The S&P 500 was little changed, while the Nasdaq Composite rose 0.1%. The Dow Jones Industrial Average lost 110 points, or 0.3%.
All three major averages are headed for a losing week. The S&P 500 is off by about 0.6%, while the Nasdaq is on pace for a 0.3% decline. The Dow is the underperformer of the three, tracking for a 1.5% loss.
The Labor Department’s June jobs report showed payrolls increased less than expected, cooling down from May. Nonfarm payrolls rose by 209,000, while the unemployment rate came in at 3.6%. Economists polled by Dow Jones had anticipated 240,000 positions added and a similar jobless level.
But parts of the report, including stronger-than-expected wages numbers, heightened fears that the central bank may have reason to resume hiking later this month.
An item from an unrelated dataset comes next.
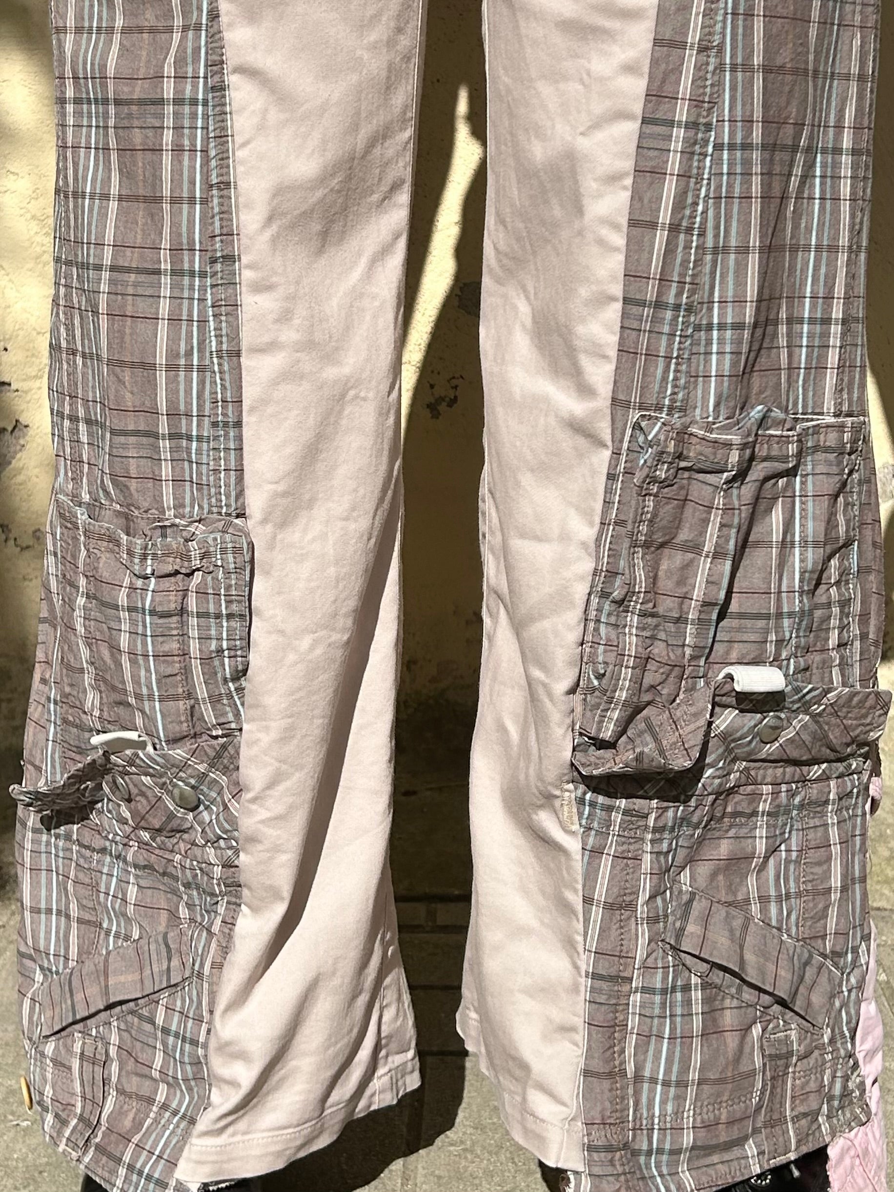 Mixed fabrics pants made from preloved jeans.
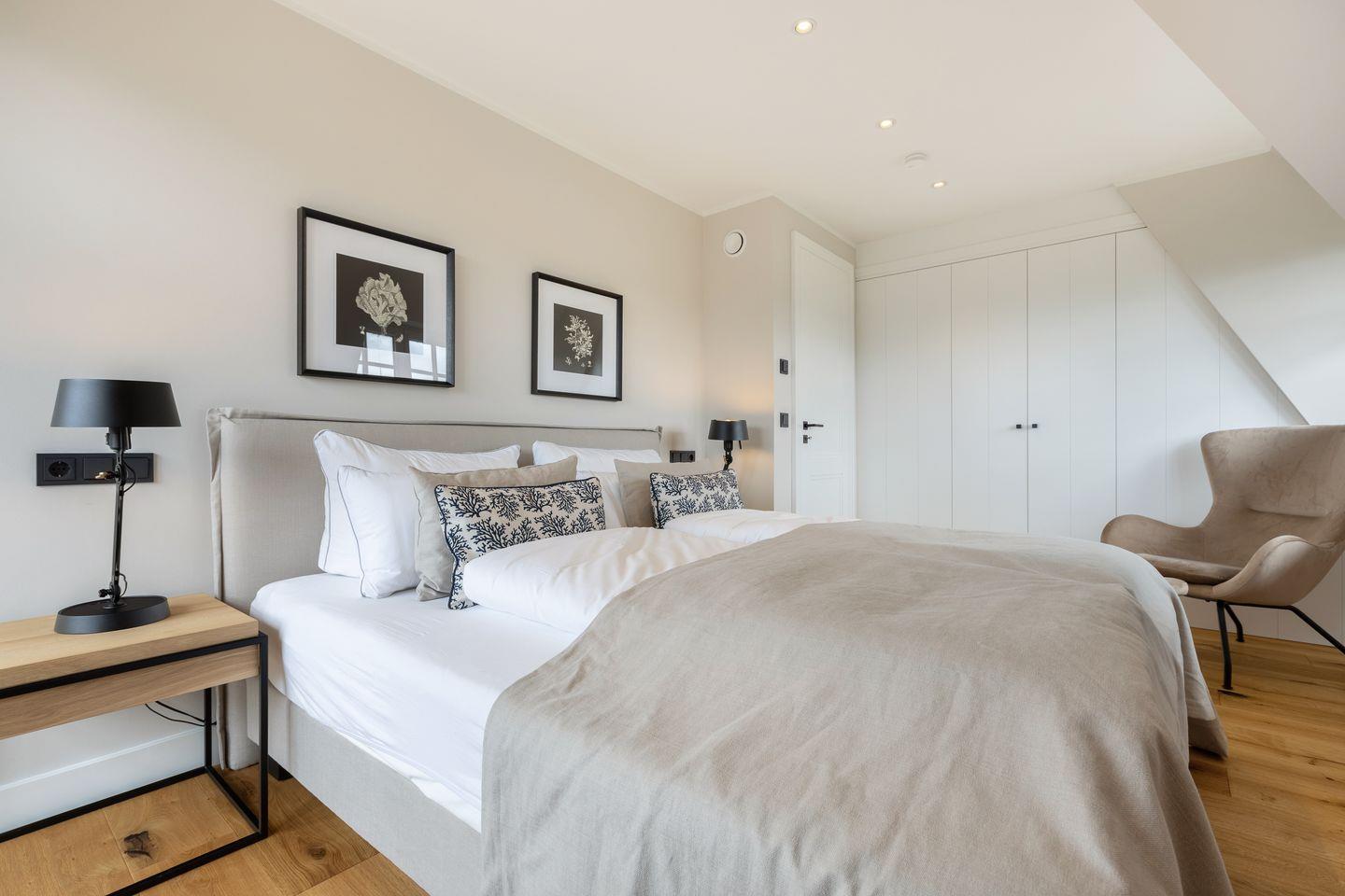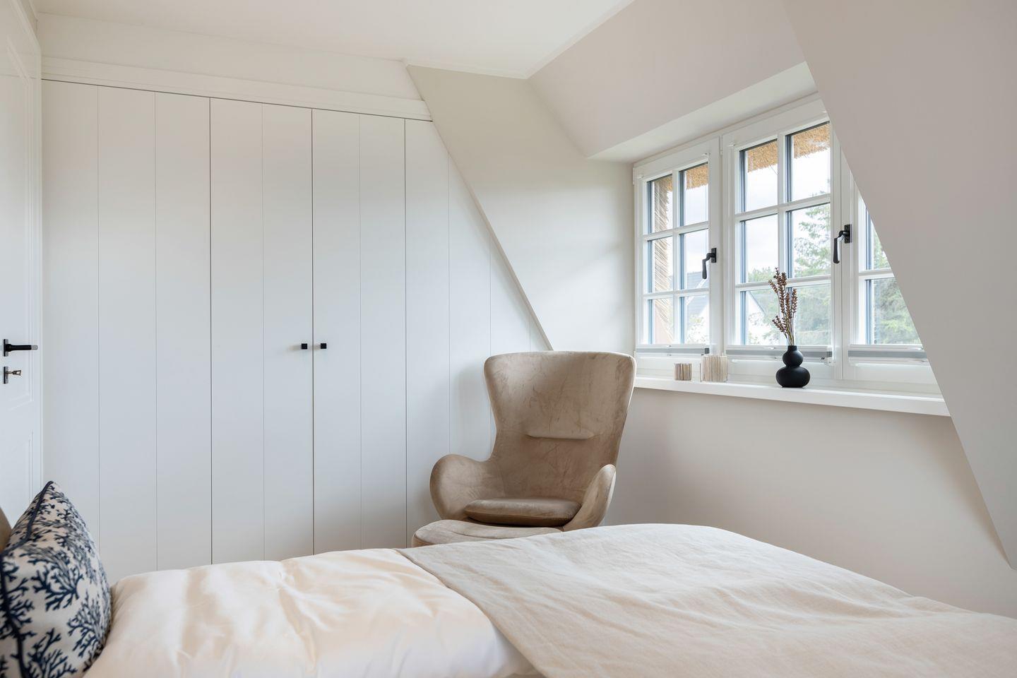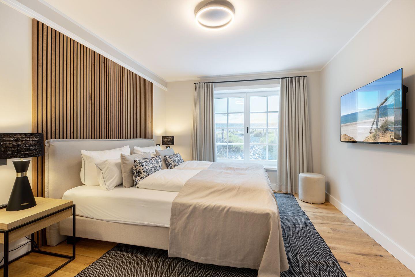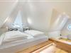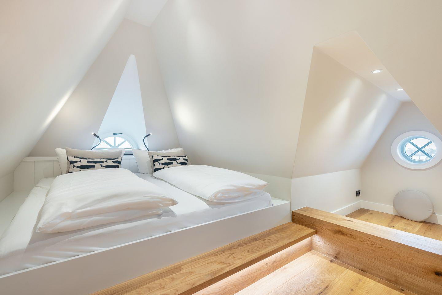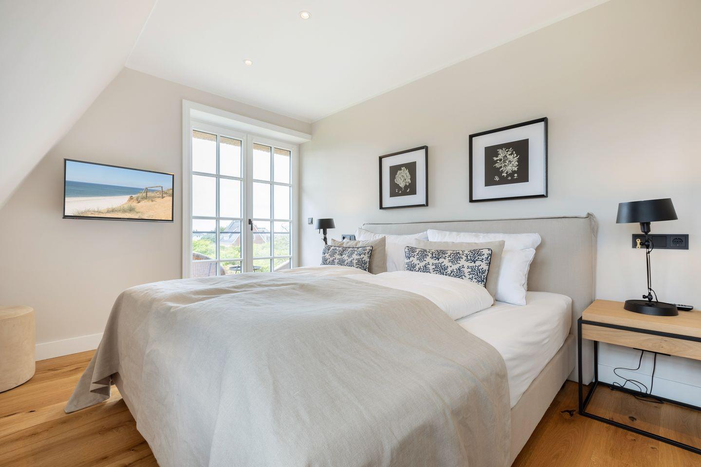 Obergeschoss: Schlafraum mit Doppelbett (180 x 200cm) und begehbarem Kleiderschrank. Von Ihrem nach Westen ausgerichteten Balkon haben Sie sogar einen kleinen Meerblick.[nbsp] Das Bad mit Badewanne/Dusche [&] WC ist stilvollendet und mit hochwertigen Armaturen ausgestattet.

Average hourly earnings increased by 0.4% in June and 4.4% from a year ago. Meanwhile, the unemployment rate declined from 3.7% in May.
“It’s kind of a mixed picture today,” said Truist’s Keith Lerner. “It’s good news that the economy is not falling apart, it’s still chugging along, but you still have these wage pressures that are going to keep the Fed likely to raise rates at the end of the month.”
Near term, Lerner said equities are ripe for a pullback following a big June and second quarter. This could lead to consolidation and choppy action as markets head into earnings season.
Following Friday’s big data release, traders kept their bets on a resumption in hiking later this month, pricing in a 92% chance of a quarter-point hike on July 26. That’s about the same odds as a day ago, according to CME Group‘s FedWatch tool. Policymakers indicated at their June gathering that two more rate hikes could be ahead in 2023.